Malcolm Gladwell is a psychologist, journalist, cultural commentator, and writer for the New Yorker Magazine. His first book The Tipping Point captured the world's attention with its theory that a curiously small change can have unforeseen effects. His other international bestselling books include Blink: The Power of Thinking Without Thinking and What The Dog Saw, a collection of his most provocative and entertaining New Yorker pieces.
'Gladwell is not only a brilliant storyteller; he can see what those stories tell us, the lessons they contain'
'Malcolm Gladwell is a global phenomenon ... he has a genius for making everything he writes seem like an impossible adventure'
'He is the best kind of writer - the kind who makes you feel like you're a genius, rather than he's a genius'
Malcolm Gladwell poses a provocative question in Outliers: why do some people succeed, living remarkably productive and impactful lives, while so many more never reach their potential? Challenging our cherished belief of the "self-made man," he makes the democratic assertion that superstars don't arise out of nowhere, propelled by genius and talent: "they are invariably the beneficiaries of hidden advantages and extraordinary opportunities and cultural legacies that allow them to learn and work hard and make sense of the world in ways others cannot." Examining the lives of outliers from Mozart to Bill Gates, he builds a convincing case for how successful people rise on a tide of advantages, "some deserved, some not, some earned, some just plain lucky."
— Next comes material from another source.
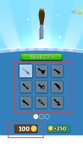 1、进入工具界面后点击SELECT按钮选择当前使用的小刀,也可花费100金币解锁更高效的新工具。

Outliers can be enjoyed for its bits of trivia, like why most pro hockey players were born in January, how many hours of practice it takes to master a skill, why the descendents of Jewish immigrant garment workers became the most powerful lawyers in New York, how a pilots' culture impacts their crash record, how a centuries-old culture of rice farming helps Asian kids master math. But there's more to it than that. Throughout all of these examples--and in more that delve into the social benefits of lighter skin color, and the reasons for school achievement gaps--Gladwell invites conversations about the complex ways privilege manifests in our culture. He leaves us pondering the gifts of our own history, and how the world could benefit if more of our kids were granted the opportunities to fulfill their remarkable potential.
The session kicks off at 2pm and lasts approximately 2 hours. A sheet with a some key questions arising from the text will be used to frame the discussion. It's a creative session where everyone is encouraged to contribute and share.
If you didn't attend the previous meeting and need to get your hands on the book, Brixton Library has a few copies remaining. If you fancy a trip to Brixton you can take it out on loan (best to email me first before going!). Alternatively you can buy it on Amazon.co,uk for just over £6 here (http://www.amazon.co.uk/Outliers-Story-Success-Malcolm-Gladwell/dp/0141036257). Kindle version also available.
The library is in the heart of Brixton, with numerous travel options including tube, train and bus. If driving you should have little trouble finding free parking nearby on a Sunday.